1)you receive 5 requests for bitcoin. 5 different bank accounts for £500 each but all going to the same bitcoin address in one day. what do you do (totalling £2500)
2)you recieve 100 requests for pound sterling £500 from multiple bitcoin addresses going to one bank account over the course of a year (totalling £50,000) what do you do.
answers
1)when users input the receiving bitcoin address before the transaction begins(before you inform them of your deposit bank account details), it is checked that the address has not received £500 in a short period (daily). and message the customer before the transaction begins. this address has reached its limit. (dont inform them how to get around it).
2)after a few weeks of doing nice little £500 to the bank with reasonable time gaps between it finally gets to your limit of £12k(or whatever lower limit you prefer) for that particular customers bank account. inform them before the money transaction begins that the bank account is at its limit
in both cases inform them if they wish to proceed identification will be required.(or preferably to avoid 'possible' headache you say "sorry transaction cannot be allowed")
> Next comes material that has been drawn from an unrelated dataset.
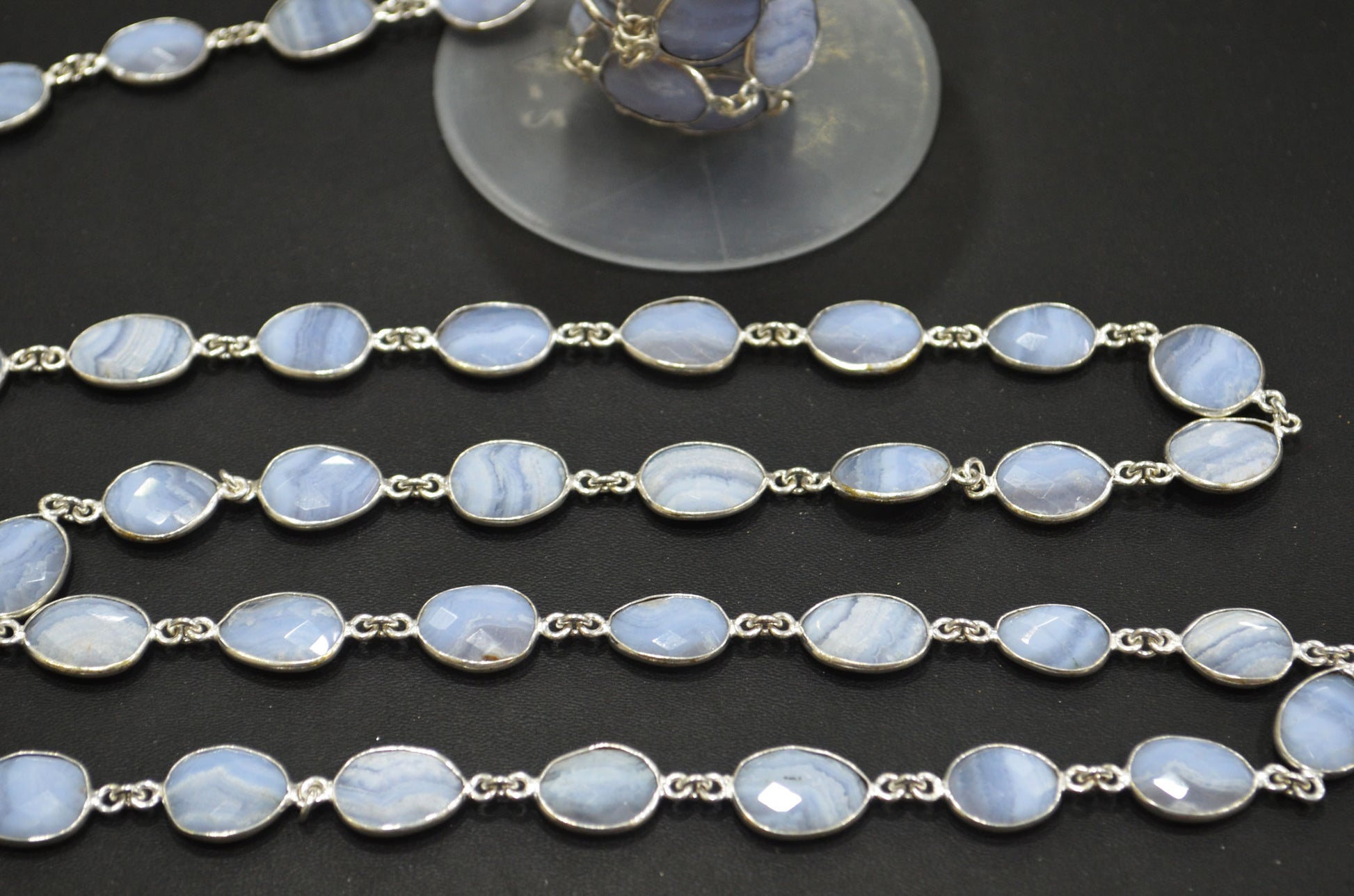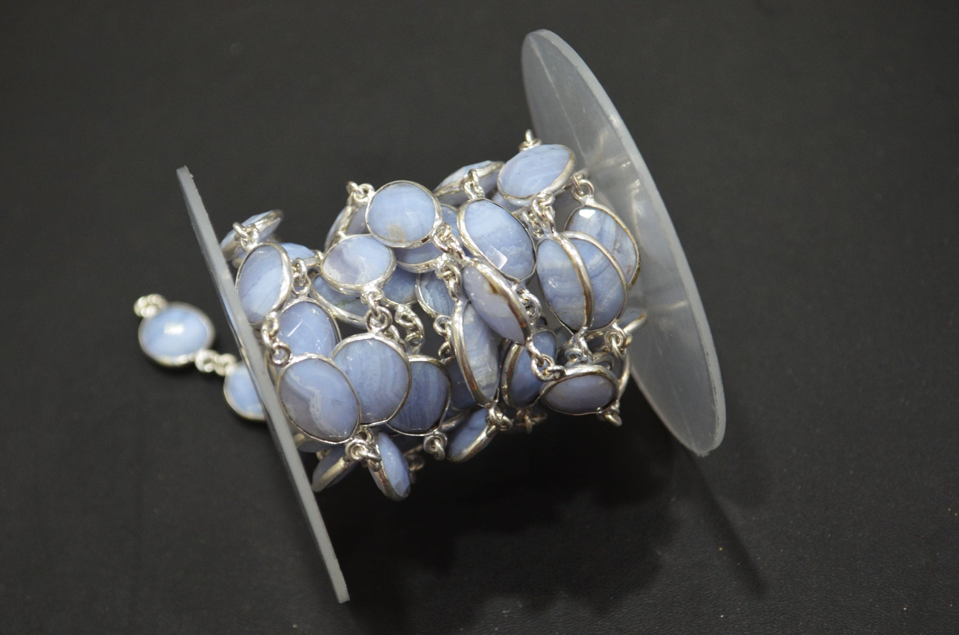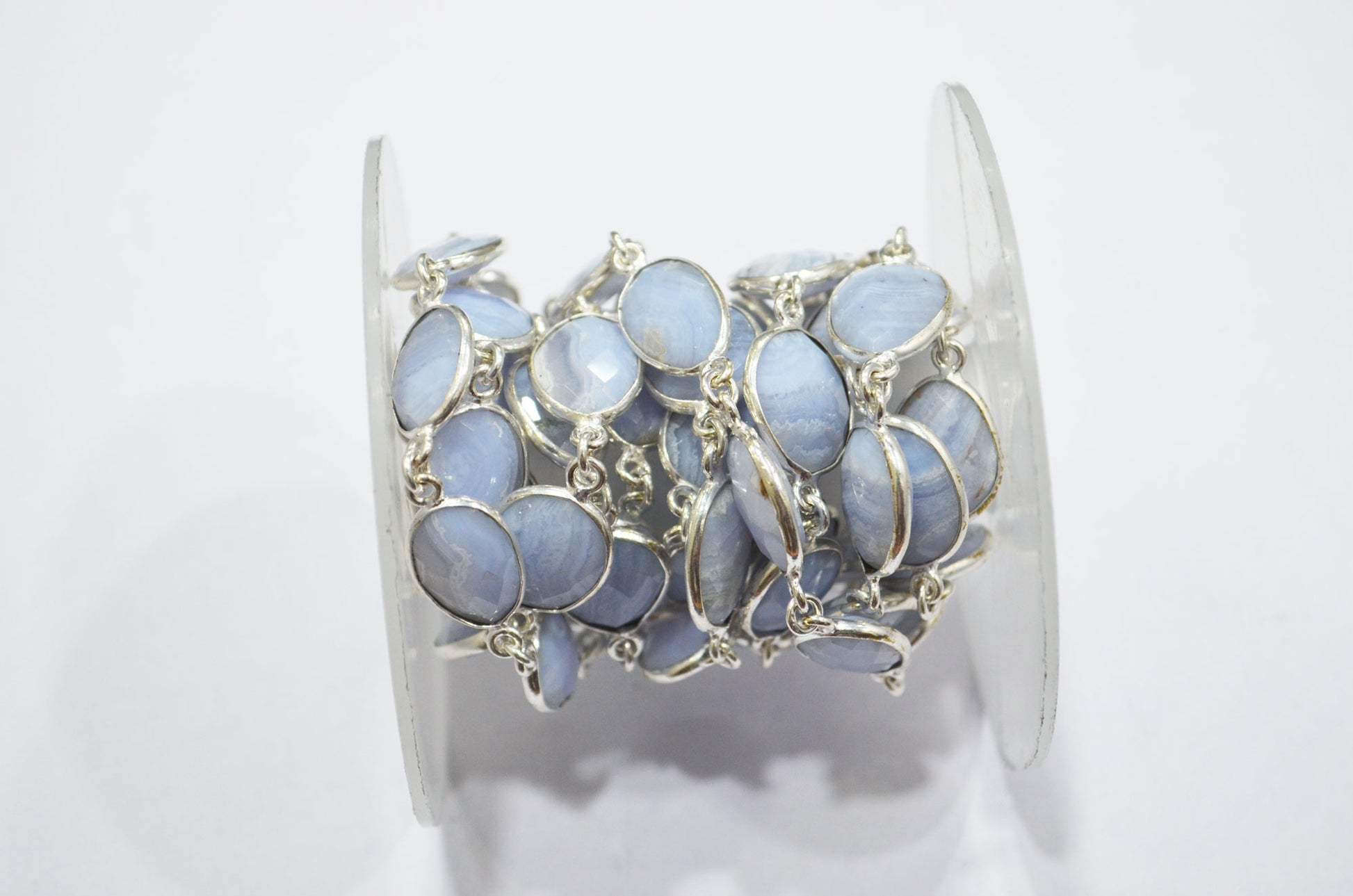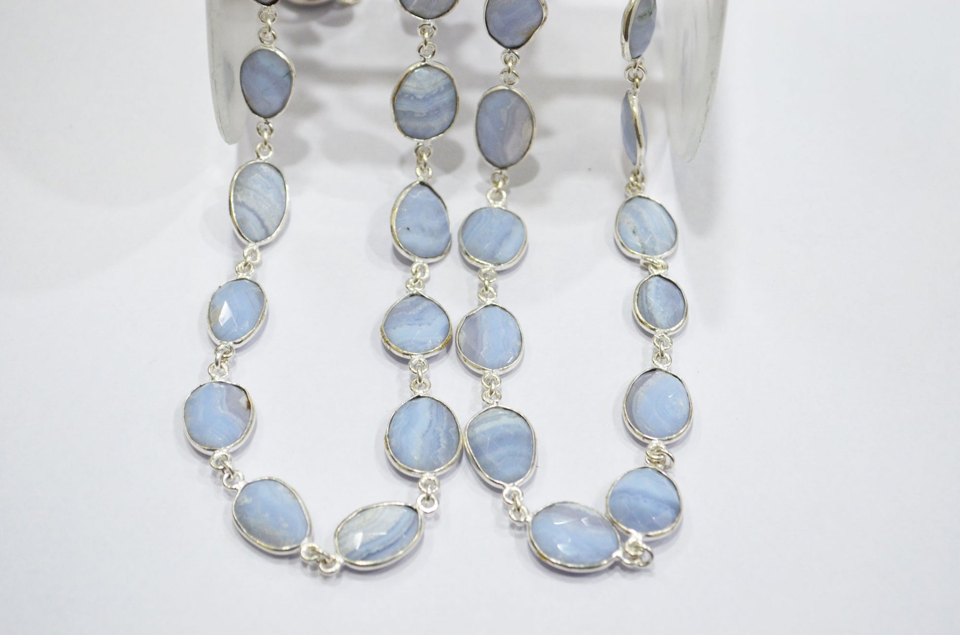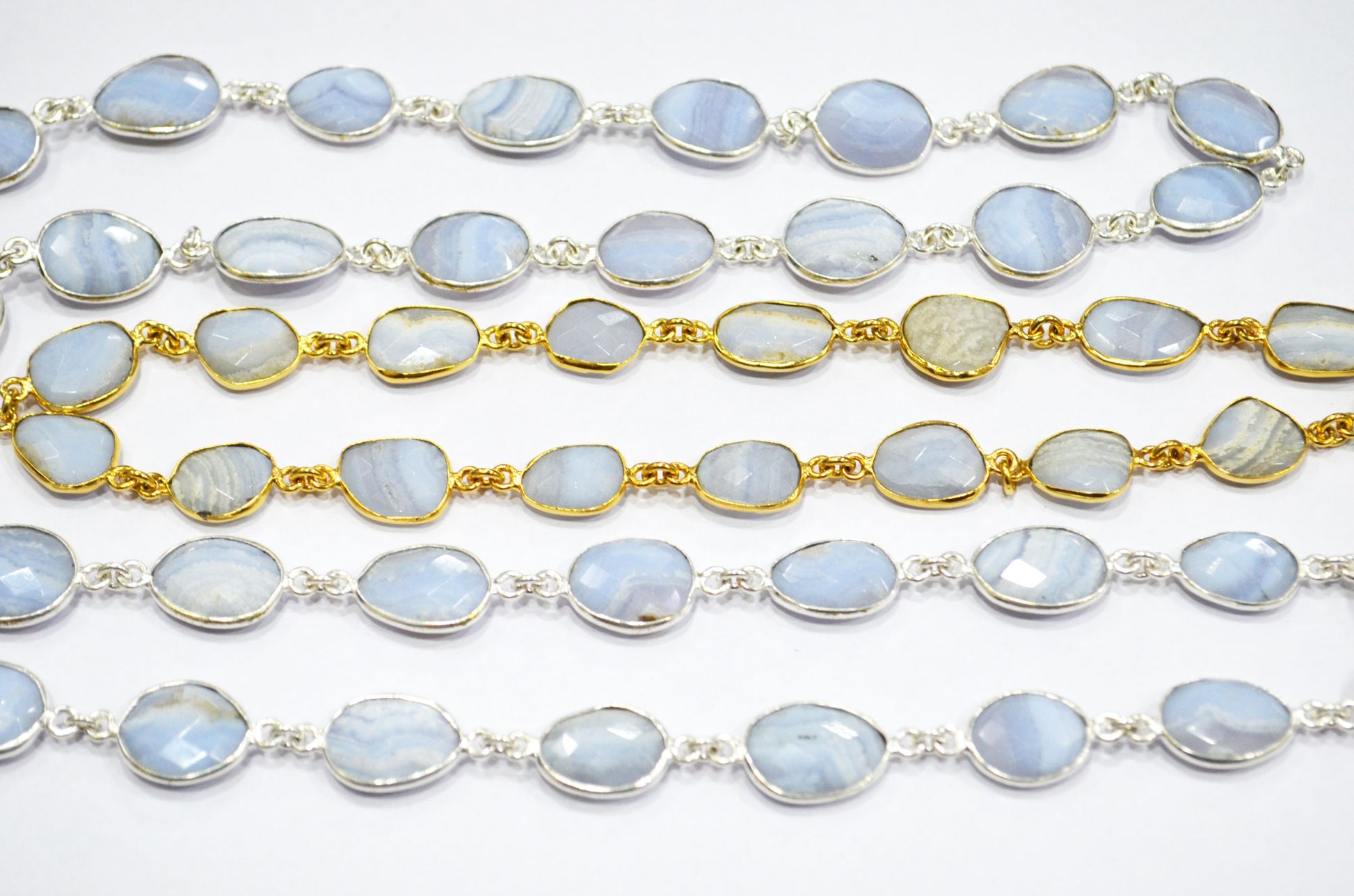 Blue Lace Agate Slice Shape Connector Chain , Blue Lace Agate Faceted Free Form Shape Bezel Link Chain , 10 - 14 mm , RB-6342

so have the system in place if they want fiat, you request their bank sortcode -account number first. (check it against history) before showing them a deposit bitcoin address/ warning message
so have the system in place if they want bitcoin, you request their bitcoin address AND the bank account-sortcode they will use first. (check it against history) before showing them a deposit bitcoin address/ warning message.
this is why blockchain.info asks for your bank details when you buy bitcoins and not just the bitcoin address to receive the coins on.
preventing a sticky situation is much preferable then getting involved in one.